[Data under study]

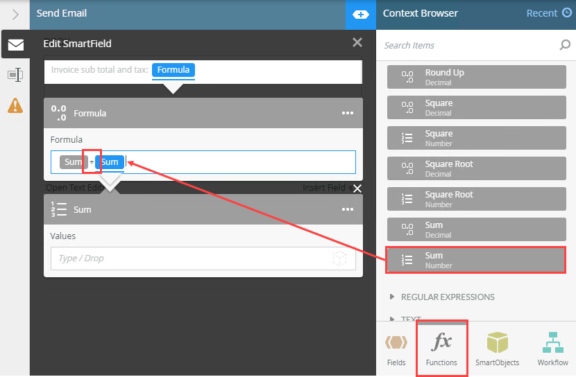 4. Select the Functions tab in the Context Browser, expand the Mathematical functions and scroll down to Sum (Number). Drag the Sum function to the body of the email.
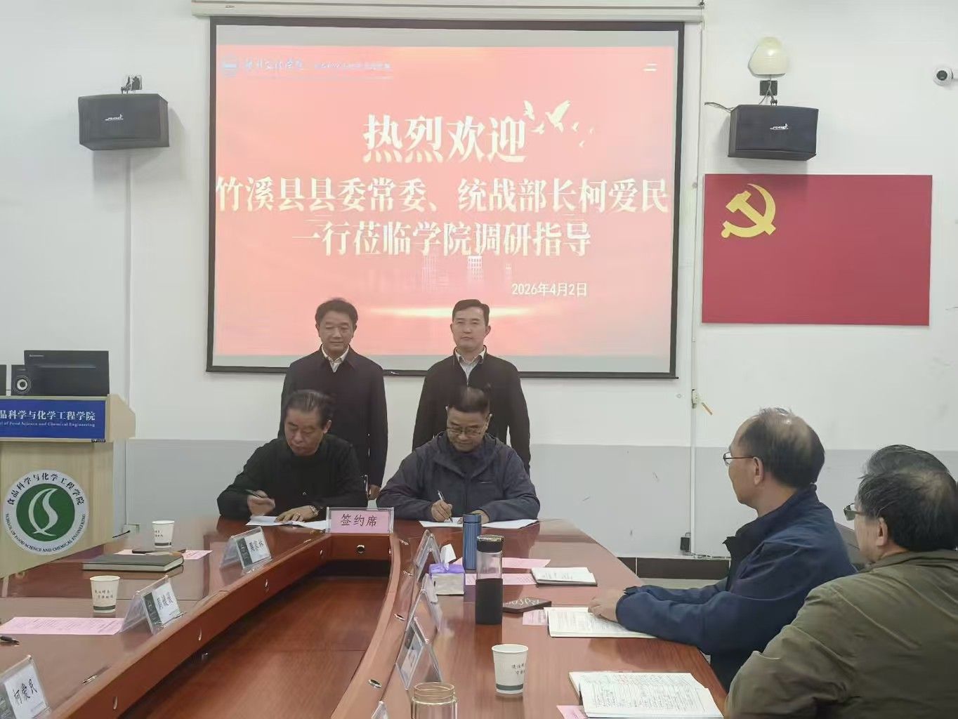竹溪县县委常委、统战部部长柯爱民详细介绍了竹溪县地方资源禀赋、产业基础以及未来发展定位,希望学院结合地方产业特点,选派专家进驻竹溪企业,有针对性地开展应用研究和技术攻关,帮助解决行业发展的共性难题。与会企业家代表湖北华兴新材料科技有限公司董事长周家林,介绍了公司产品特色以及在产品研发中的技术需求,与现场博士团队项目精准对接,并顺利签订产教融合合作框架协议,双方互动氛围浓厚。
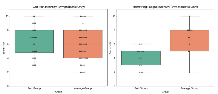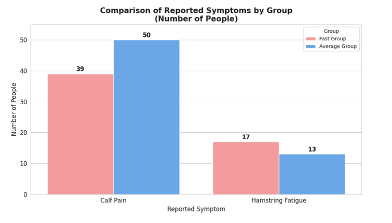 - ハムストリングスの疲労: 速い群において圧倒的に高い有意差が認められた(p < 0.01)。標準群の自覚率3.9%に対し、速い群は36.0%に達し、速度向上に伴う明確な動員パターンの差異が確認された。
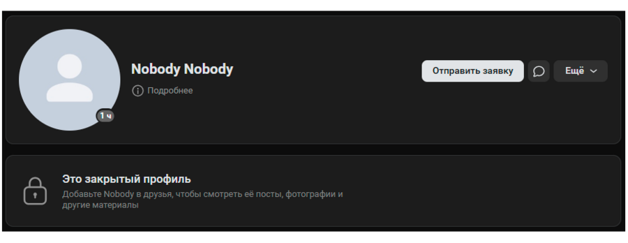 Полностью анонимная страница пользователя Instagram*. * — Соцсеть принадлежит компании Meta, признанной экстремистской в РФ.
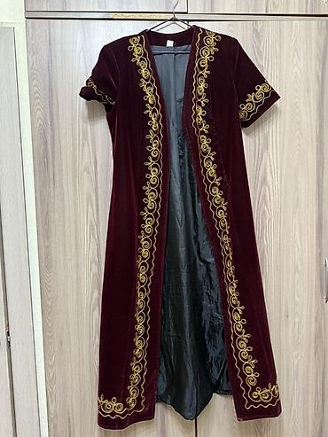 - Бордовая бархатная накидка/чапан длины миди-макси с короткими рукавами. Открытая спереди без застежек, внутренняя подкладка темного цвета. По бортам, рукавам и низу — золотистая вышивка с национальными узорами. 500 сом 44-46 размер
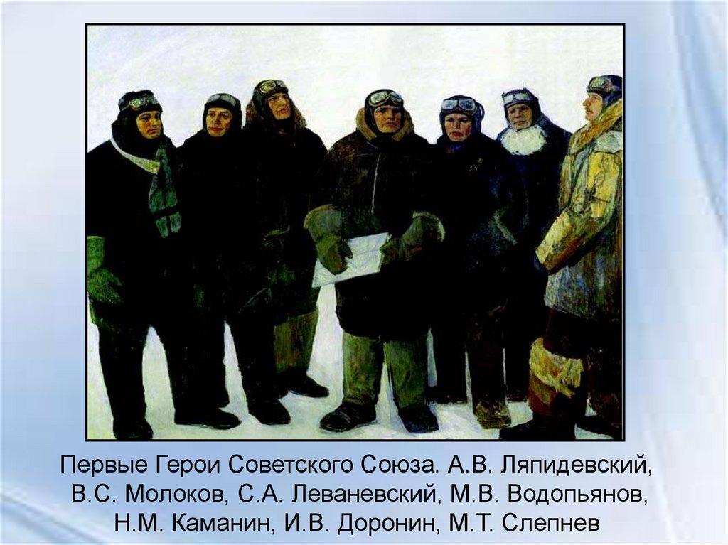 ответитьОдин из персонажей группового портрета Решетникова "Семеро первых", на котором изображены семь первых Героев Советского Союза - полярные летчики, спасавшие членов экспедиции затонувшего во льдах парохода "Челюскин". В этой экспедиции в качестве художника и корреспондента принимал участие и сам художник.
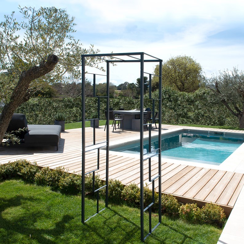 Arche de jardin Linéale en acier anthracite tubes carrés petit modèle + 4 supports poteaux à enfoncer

[/Data under study]

▶ **Task to complete**: Reproduce every record above exactly, but leave out the pictures.

▶ **Solution to this exercise**:
 4. Select the Functions tab in the Context Browser, expand the Mathematical functions and scroll down to Sum (Number). Drag the Sum function to the body of the email.
竹溪县县委常委、统战部部长柯爱民详细介绍了竹溪县地方资源禀赋、产业基础以及未来发展定位,希望学院结合地方产业特点,选派专家进驻竹溪企业,有针对性地开展应用研究和技术攻关,帮助解决行业发展的共性难题。与会企业家代表湖北华兴新材料科技有限公司董事长周家林,介绍了公司产品特色以及在产品研发中的技术需求,与现场博士团队项目精准对接,并顺利签订产教融合合作框架协议,双方互动氛围浓厚。
 - ハムストリングスの疲労: 速い群において圧倒的に高い有意差が認められた(p < 0.01)。標準群の自覚率3.9%に対し、速い群は36.0%に達し、速度向上に伴う明確な動員パターンの差異が確認された。
 Полностью анонимная страница пользователя Instagram*. * — Соцсеть принадлежит компании Meta, признанной экстремистской в РФ.
 - Бордовая бархатная накидка/чапан длины миди-макси с короткими рукавами. Открытая спереди без застежек, внутренняя подкладка темного цвета. По бортам, рукавам и низу — золотистая вышивка с национальными узорами. 500 сом 44-46 размер
 ответитьОдин из персонажей группового портрета Решетникова "Семеро первых", на котором изображены семь первых Героев Советского Союза - полярные летчики, спасавшие членов экспедиции затонувшего во льдах парохода "Челюскин". В этой экспедиции в качестве художника и корреспондента принимал участие и сам художник.
 Arche de jardin Linéale en acier anthracite tubes carrés petit modèle + 4 supports poteaux à enfoncer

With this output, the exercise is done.